From an API perspective: with the single exception of stat(2), all filesystem calls involving the target directory will trigger a mount. However, a readdir(3)/getdents(2) of the parent directory (/parent) enclosing the target (/parent/target) will not trigger a mount.
For example:
ls /parent
will not trigger a mount
ls -l /parent
will not trigger a mount
ls -d /parent/target
will not trigger a mount
All other filesystem commands involving the target directory will trigger a mount
Automounter comparison: the automounter will only automatically mount nested mounts when encountered under /net.
referrals will enable a "browsing" feature similar, but not identical, to the automounter. (will use the same mechanism employed by NFSv4 mirror mounts)
When the automounter browsing option is enabled for indirect maps, it is possible to see the existence of automount trigger points before they are mounted:
estale $ ls -ld /home/alice dr-xr-xr-x 1 root root 1 Oct 18 12:36 /home/alice estale $ mount | grep alice estale $
Note that the attributes of the directory are generated by the client, and do not match reality on the server. The directory is given mode 0555, with root ownership, and the modification time is the current time. If the directory is mounted - e.g. by changing into the directory - the automounter completes the mount, and the real directory attributes are seen:
estale $ ls -ld /home/alice drwxr-xr-x 79 alice pawns 20480 Oct 18 13:19 /home/alice
(as well as its contents).
Note that the automounter "/net" feature is a special case, where the automounter will automatically mount any server filesystems it traverses. The functionality proposed here is similar but includes being referred to another server, by using solely NFSv4 mechanisms, with no involvement of the automounter. In addition, of course, it is not tied to a particular trigger-point (/net).
In the absence of any client automount map, the existing NFSv4 server implementation in Solaris still presents the entire server namespace to the client, i.e server mounts-points (in effect) are visible to the client before the client has mounted them, even if the server mount-points themselves are on a server filesystem that is not shared:
NFSv4-server # share - /dum rw=pawns "" - /dee rw=pawns "" # note that the server does not share "/", yet we may mount it NFSv4-client # mount NFSv4-server:/ /mnt NFSv4-client # ls -l /mnt total 4 drwxr-xr-x 3 alice pawns 512 Oct 18 15:01 dee drwxr-xr-x 37 root sys 1024 Oct 18 14:50 dum
This continues to provide the useful browsing feature, previously available via the automounter, without imposing the overhead of a mount, which may be important in the presence of many server filesystems e.g. when using ZFS.
Note that the attributes of the file systems are not presented correctly. Because the new server has not be contacted yet we don't have access to the correct attributes. What will be presented will be the attributes for the referral point and not the file system on the new server.
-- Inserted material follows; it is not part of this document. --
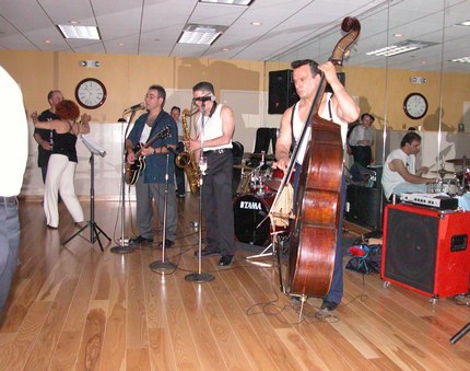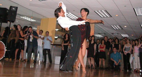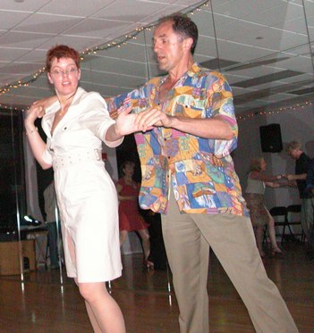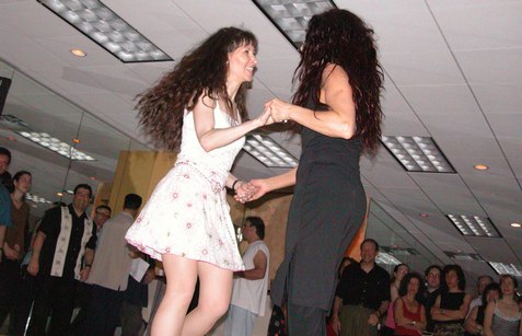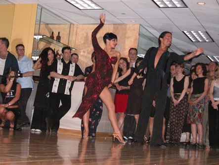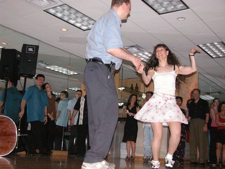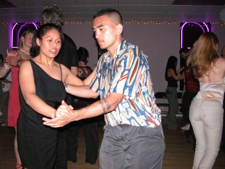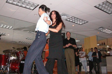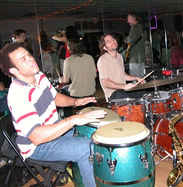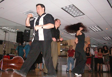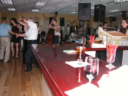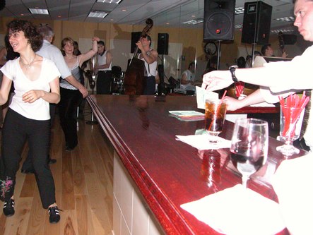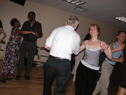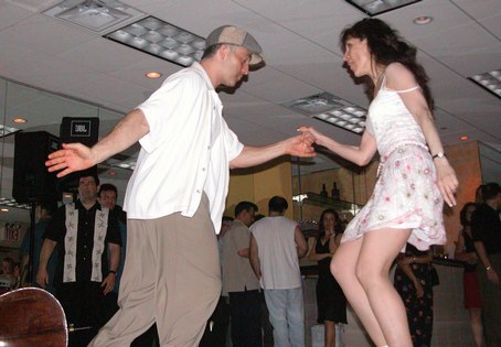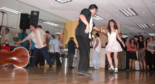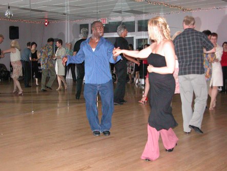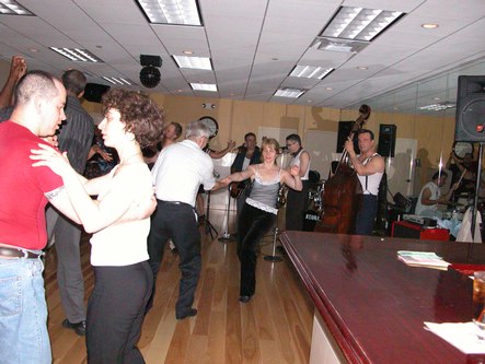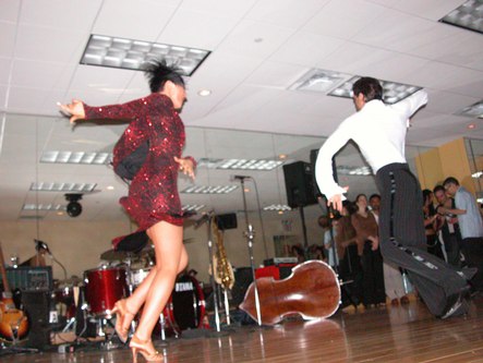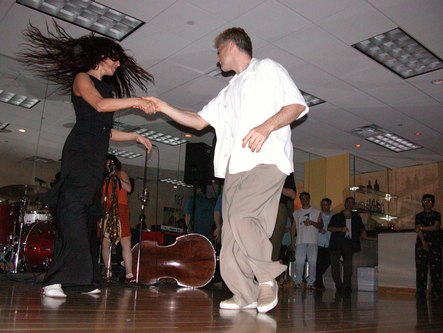 You Should Be Dancing has raised the stakes for social dancing in New York City. They have attracted sizable numbers of dancers for their past parties featuring a live band, but they have decided to make their offering even better. Tonight they offered two live bands, Afrodysia and The Cresent City Maulers, playing in two different rooms. Add to this West Coast Swing spun by DJ Anthony De Rosa in a third room, and you have a party with a diversity of dance styles not seen since The House of Latin Dance closed up shop. At any given point throughout the evening, at least two of the three rooms were quite full of energetic dancers. The live bands and the full bar with a real bartender make the space feel like a club. There were a number of performances too, so it was a very full evening.

However, the contents of the server's filesystems cannot be seen:
NFSv4-server # ls -al /dee total 20 drwxr-xr-x 3 alice pawns 512 Oct 18 15:01 . drwxr-xr-x 31 root root 1024 Oct 18 15:01 .. drwx------ 2 alice pawns 8192 Oct 18 14:53 lost+found -rw-r--r-- 1 alice pawns 0 Oct 18 14:58 this_file_is_in_slash_dee NFSv4-client # ls -al /mnt/dee total 4 drwxr-xr-x 3 alice pawns 512 Oct 18 15:01 . drwxr-xr-x 31 root root 1024 Oct 18 15:01 ..
The proposed referral functionality would cause a real NFSv4 mount to occur when the client crosses into the new filesystem on the referred to server by accessing /mnt/dee. This functionality is the same as mirror mounts with the additional caveat NFSv4-server is the referred to server and the original lookup was to another server which referred us to NFSv4-server.